Éxito relativo, hemos ganado varios
premios pero...
Me refiero al éxito de los frutos
que se ven.
Cuando tú ves que estás abriendo
puertas, que la víctima va y abraza al
agresor, a mi me parece muy importante.
Como en el caso del médico
que conté, que él logre perdonar a
su esposa, y que eso se refleje en los
niños ya que podría haber significado
la separación y hasta la pérdida de la
patria potestad, porque eso mata, a
todos, a ella, a los niños y a él. Si tú
te das cuenta, las consecuencias son
muy importantes.
Y ¿cómo se aplica a nivel social? ¿Cómo instrumentarlo a nivel
social, en escuelas, prisiones, empresas?

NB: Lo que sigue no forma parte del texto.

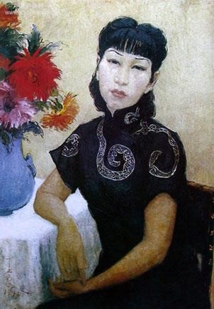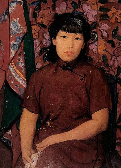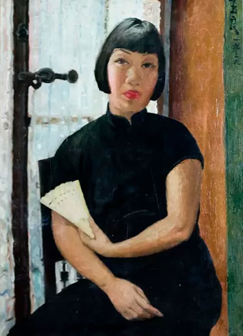 图三《执扇自画像》布面油画 1939年
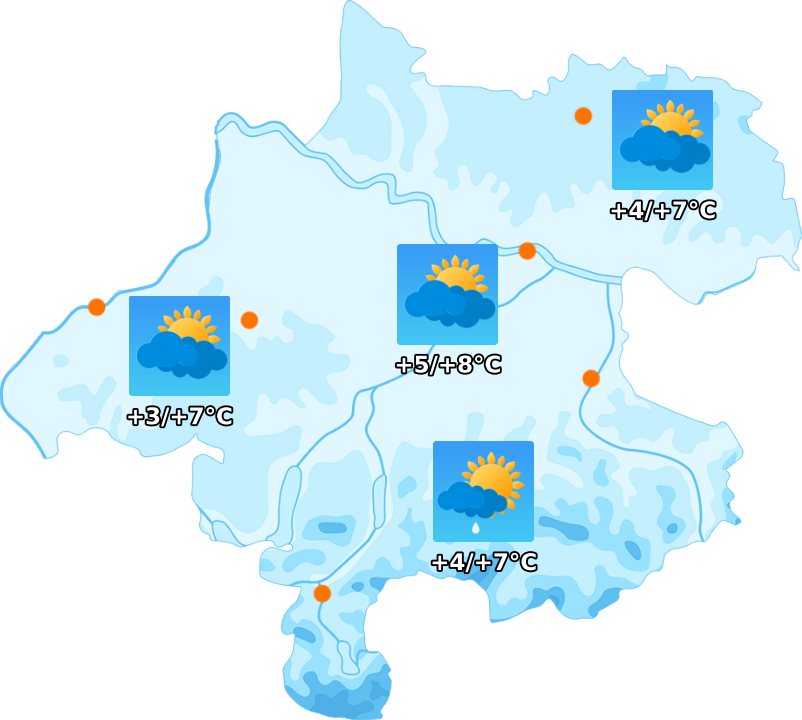 Der Sonntag verläuft bewölkt und spürbar kühler als zuletzt. Am Vormittag regnet es vor allem zwischen dem Innviertel und dem Salzkammergut ein wenig, oberhalb von 800 Meter schneit es unergiebig. Nachmittags überwiegen dann überall die trockenen Phasen, gelegentlich lockert es ein wenig auf. Bei leichtem bis mäßigem Westwind liegen die Höchstwerte zwischen +4 und +8 Grad.

El éxito nuestro está precisamente
en esto, en cómo hemos diseñado la
propuesta, práctica y lúdica, tocando
con tu mano tus propios problemas.
Esas son las Escuelas de Perdón y
Reconciliación (EsPeRe). Aquí como
te digo, tenemos a Jairo y a Paula que
entrenaron a un grupo acá. Y la idea
es que ellos también se fortalezcan
tanto en la metodología, para que
sean capaces de multiplicarlo. El éxito del sistema consiste en que
entrenamos entrenadores para que
entrenen entrenadores y que a su vez
estos entrenen entrenadores, así es
como se multiplica la propuesta.
Este año ya hacemos el segundo encuentro
internacional con la presencia
de 13 países. La idea es que tal vez
vengamos una vez más, pero a nosotros
no nos gusta perpetuarnos
¿Usted es psicólogo?
No. Soy sociólogo, aunque creo
que me he vuelto psicólogo. Pero
en realidad yo he querido sacar este
tema de la terapia personal y llevarlo
más a la política pública, es más un
problema de educación, de salud. Y
este sistema es de rápido impacto,
es muy movilizador y permite nuevas
alternativas.
¿Cuando piensan volver por acá?
Y bueno... (rie) cuando nos inviten.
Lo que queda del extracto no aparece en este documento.